Sir,
Neurothekeomas were described in 1980 as benign cutaneous tumors of nerve sheath differentiation. Subsequent authors suggested neurothekeomas represented variants of dermal nerve sheath myxomas.[1] However, subtle morphologic differences, divergent immunohistochemical staining in human tissue, and ultrastructural studies led many authors to question the relationship between neurothekeomas and nerve sheath myxomas.
A 25-year-old female had 0.7 cm sized single subcutaneous nodule with tenderness on her left thumb [Figure 1]. After excision, specimen showed sharply marginated nodule in the dermis with the multi-lobular structures and amorphous myxoid matrix [Figure 2a]. Within the myxoid matrix, there were scattered collections of epithelioid Schwann cells in corded, nested, ring-like morphology and syncytial-like aggregation [Figure 2b–d]. These cells were immunoreactive for S-100 protein, neuron specific enolase (NSE), vimentin, NKI/C3, and non-reactive for glial fibrillary acidic protein (GFAP), smooth muscle actin (SMA), CD10, CD68 [Figure 3].
Figure 1.
A solitary 7 mm sized, subcutaneous mass on left thumb
Figure 2.
(a) Sharply marginated multiple lobules with abundunt mxyoid matrix in dermis (H and E, ×40). (b) Corded aggregation of epihelioid Schwann cells in tumor (H and E, ×200). (c) A variable number of Schwann cells with a ring-like appearance, (H and E, ×200). (d) Syncytial-like aggregation of Schwann cells (H and E, ×200)
Figure 3.
Immunohistochemical staining results
In previous studies, they reported that nerve sheath myxomas involved finger, knee or pretibial region commonly in 3rd and 4th decades of patients. The male-to-female ratio was almost 1:1. On the other hand, neurothekeomas arose most often on the upper limb or head and neck in 2nd and 3rd decades of patents. There was a 1.8:1 female predominance. Tumors of both diseases were similarly described as painless subepidermal nodule.[2,3]
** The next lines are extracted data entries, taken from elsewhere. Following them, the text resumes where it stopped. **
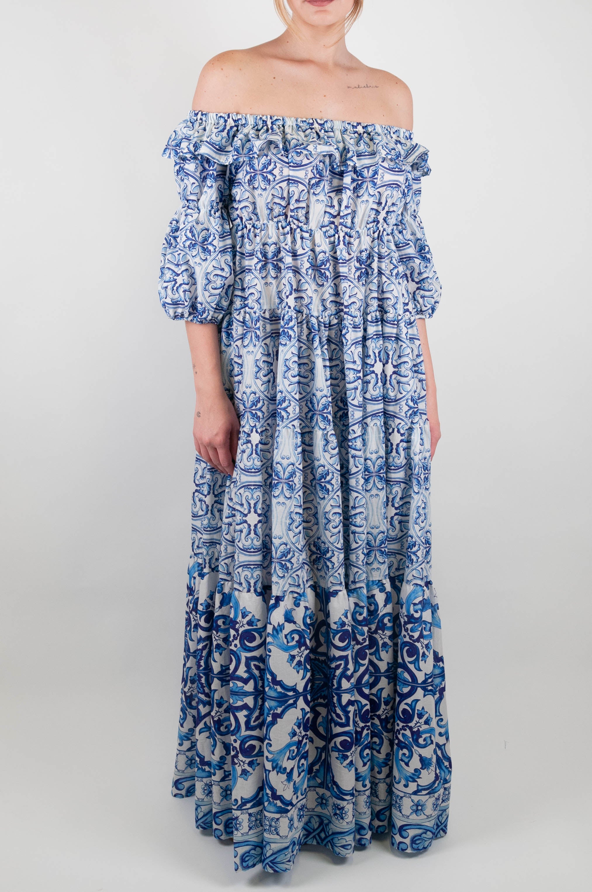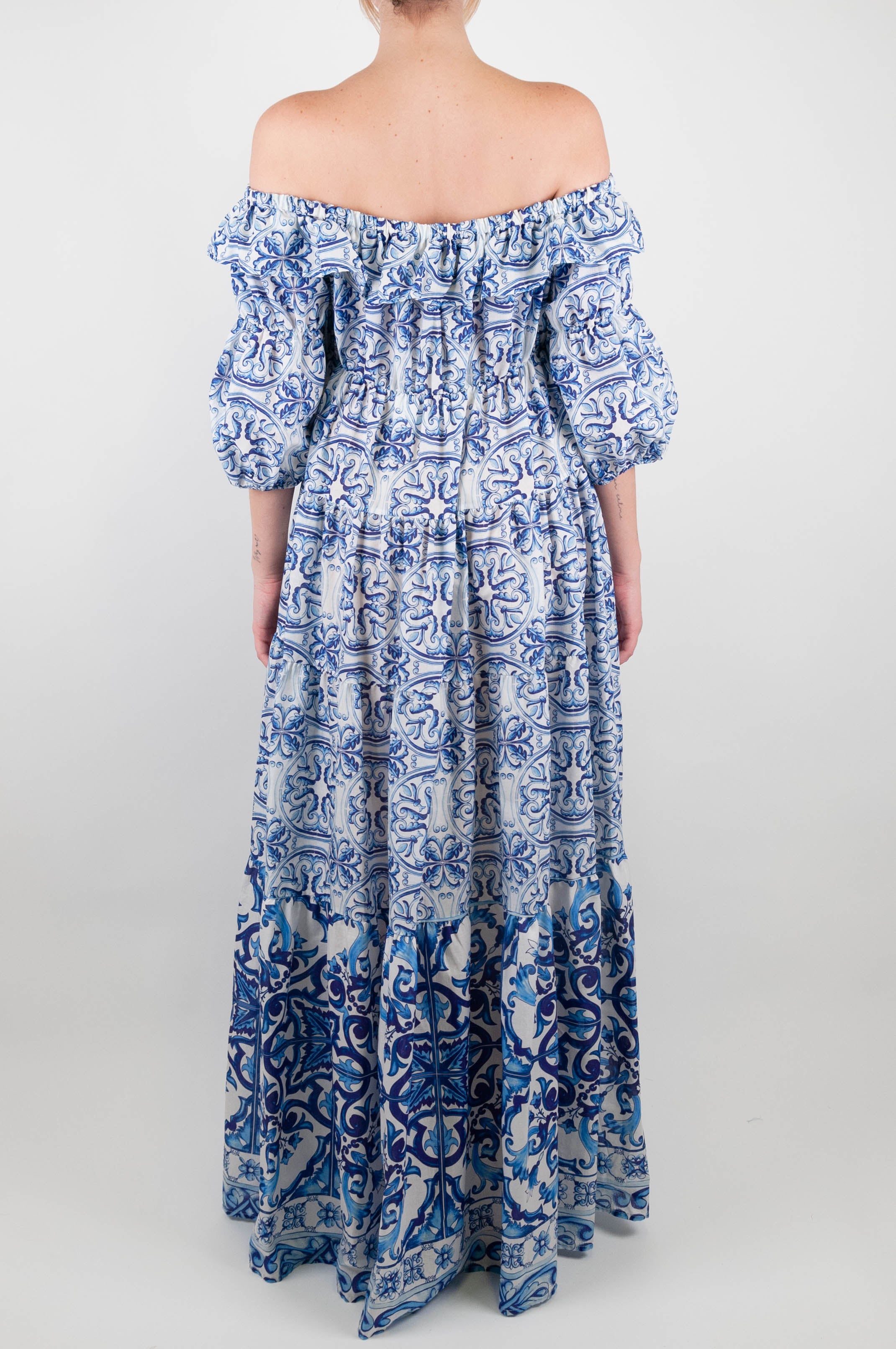 Abito lungo fantasia maioliche Dixie, con scollo shiffer, maniche tre quarti e balze. Composizione: 100%CO
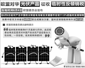 6月4日,欧盟委员会不顾中国反复交涉和多数成员国反对,宣布从6日起对中国的光伏产品征收临时反倾销税。欧盟委员会这一明显带有贸易保护主义色彩的举措令中方不满,中方表示坚决反对,商务部已启动对欧盟葡萄酒“双反”调查程序。
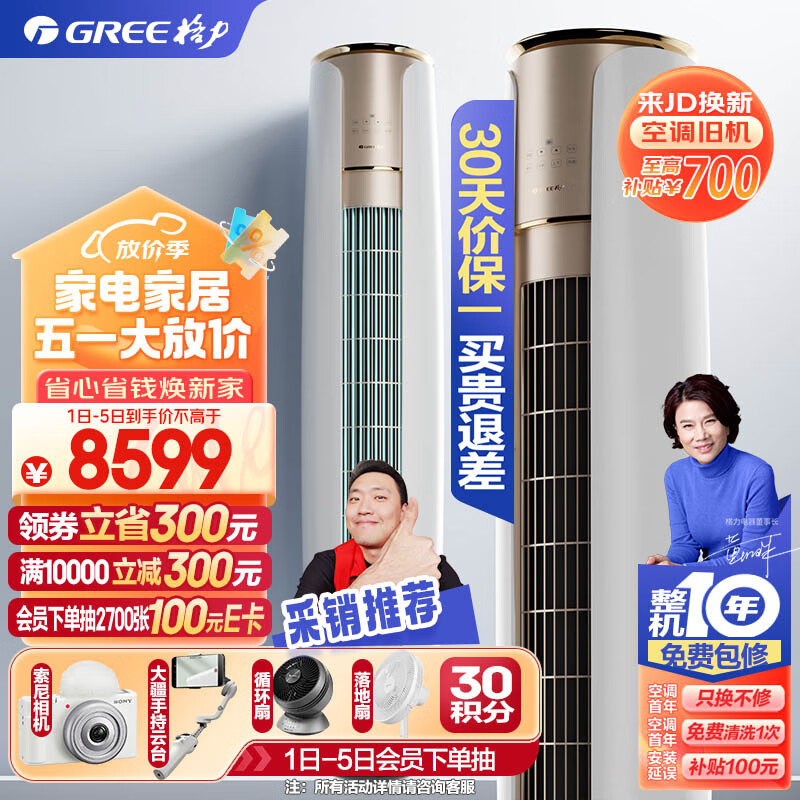 格力(GREE)空调 京东小家智能生态 3匹 云焕 1级能效变频 客厅空调立式空调柜机KFR-72LW/NhDe1BAj价格:8599.00元!

To date, there is ambiguous disease definition between nerve sheath myxomas and neurothekeomas. Recent studies argued that these two diseases are distinct and suggested S-100 protein staining as the crucial reason, not histological findings.[2,4] This was also consistent with our case results. Other immunoreactive staining for nerve sheath myxomas are GFAP, CD57, NSE. Neurothekeomas showed positive staining results for NKI/C3, NSE, and SMA. However, all other staining couldn’t show 100% result consistency, except S-100 protein. Recently, study using the microarray-based gene expression profile showed that S-100B gene was the most significantly differentially expressed gene between the nerve sheath myxomas and the neurothekeomas.[4] This molecular finding correlates with recent immunohistochemical observations and provides the molecular support for recent work reporting negative S100 protein staining by immunohistochemistry in neurothekeomas of all subtypes.[4]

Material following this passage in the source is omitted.